India: GST compliance stress deepens for recycling industry despite tighter enforcement

  • High tax rates continue to incentivise fake invoicing
  • Industry calls for data-led reform over enforcement-heavy approach

India’s scrap and recycling industry remains under sustained GST compliance pressure even as enforcement tools grow more sophisticated. A recent industry panel discussion highlighted that fake invoicing continues to rise, while genuine steelmakers, recyclers, and traders are increasingly exposed to retrospective tax demands, underscoring systemic weaknesses rather than isolated non-compliance.

Setting the tone, Rahul Goyal, Managing Director at Waste to Energy Solutions Pvt Ltd, noted that GST is now a permanent tax framework. While organised steel producers can navigate compliance through advisory support, smaller scrap aggregators, who form the backbone of secondary steelmaking, operate with limited guidance. He stressed that education-led compliance, not fear-driven enforcement, will determine long-term sector stability.
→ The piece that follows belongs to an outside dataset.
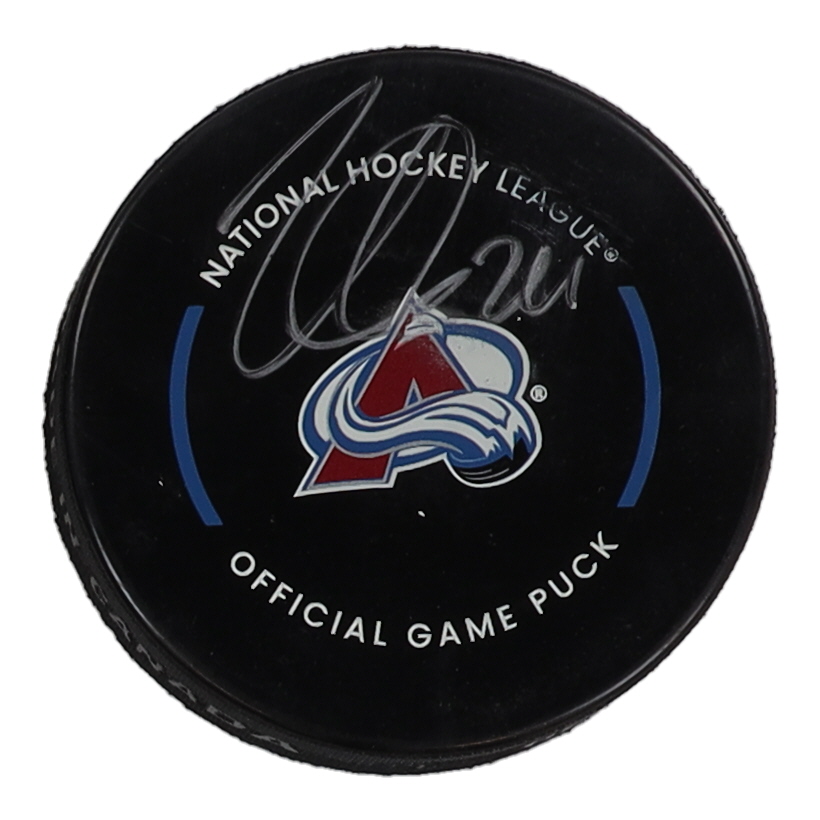 Colorado Avalanche logo hockey puck has been hand-signed by Nathan MacKinnon.
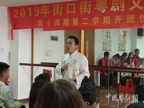 小红豆艺术团艺术总监黄捷芬老师介绍本学期的培训计划,每星期的星期天进行培训学习,按基础班、初级班、表演班编排,其中基础班学习粤剧基本功,包括台步身段功等;初级班学习粤韵操、粤曲演唱等;表演班学习粤剧经典剧目折子戏排演等。

Structural GST shifts and unintended arbitrage

CA Vikas Kumar Banka traced the shift from the excise-VAT regime to GST, noting that the elimination of trader-manufacturer distinctions enabled seamless ITC flow. However, scrap taxation at 18%-versus around 5% pre-GST-created a strong incentive for circular trading. Over the past five years, detected ITC fraud has crossed INR 1.66 lakh crore, yet recoveries remain at just 5-7%, exposing enforcement inefficiency.

RCM, TDS raise costs without curbing fraud

Policy tools such as RCM on B2C scrap and 2% GST TDS were introduced to tighten audit trails. Industry participants argued that in a multi-layered scrap supply chain, cumulative TDS can approach 8%, straining working capital for compliant traders, while fake operators remain elusive.

Legal exposure and enforcement imbalance

Advocate Sushil Solanki highlighted rising GST notices demanding ITC reversals years after transactions. Courts, including the Tripura High Court, have consistently held that buyers cannot be penalised if goods receipt and payment are proven. He cautioned that provisional bank attachments during investigations risk crippling viable steel and recycling businesses.

Outlook

Panelists suggested a data-driven pilot-sharing verified transaction data from 100-200 recyclers over six to twelve months-to evaluate whether lower GST rates can improve compliance and reduce fraud without revenue loss.